Louis Meyer in 1933 Winning Miller

This is David Story's rendering of 1933 Indianapolis 500 winner Louis MeyerMeyer became the first three-time champion of the legendary contest, with other victories in 1933 and 1936. As an aside, he is known as the first driver to drink milk in victory lane in 1936. In Meyer's case, his swig was not part of an American Dairy Association promotion, but instead a matter of personal preference. Also, it was buttermilk.
This is the text of David's margin notes for his art:
"The 1933 Indy 500 is still the deadliest of all in the history of the Brickyard. Five racers were fatally injured. Bill Denver and his riding mechanic were killed in a crash during qualifying. On race day, Mark Villman died in a crash on lap 79. On lap 132, Lester Spangler and his riding mechanic, G.L. Jordon was killed. In 1933, for the fifth straight year, a competitor would lose his life in the month of May.

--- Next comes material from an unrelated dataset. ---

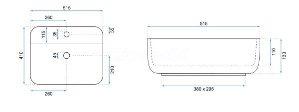 REA MARTINA keramické umývadlo na dosku 51,5x41 cm Biele U6646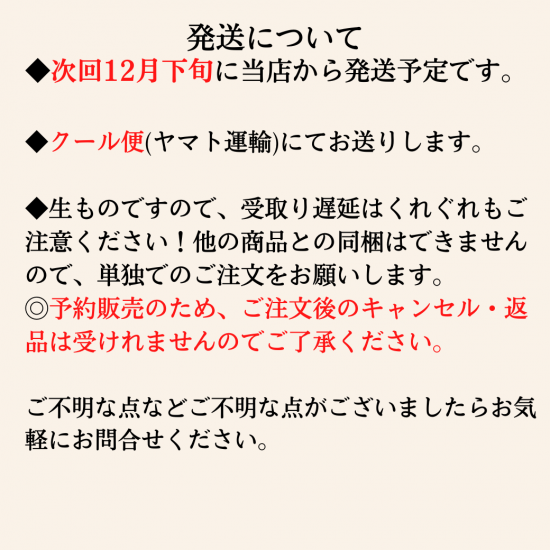 ・次回12月下旬に発送を予定しておりますが、天候により前後する場合がございます。

The 1933 race increased its starting positions to 42, the most ever. Qualifying was also changed to require a 10-lap time trial instead of the four lap trial of the 1932 race. In an effort to make the cars similar to the cars being purchased by the race fan, an on-board starter was now required. Howdy Wilcox II, not to be confused with the 1919 Indy 500 winner, qualified sixth. But he was disqualified when officials discovered he had diabetes. Even though his fellow racers petitioned to allow him to compete, Wilcox was forced to watch the race from the sidelines. Race winner Louis Meyer beat Wilbur Shaw by less than 7 minutes, claiming his second Indy victory. He averaged over 104 miles per hour setting a new speed record for the race. Meyer joined Tommy Milton as the only two-time winners of the race."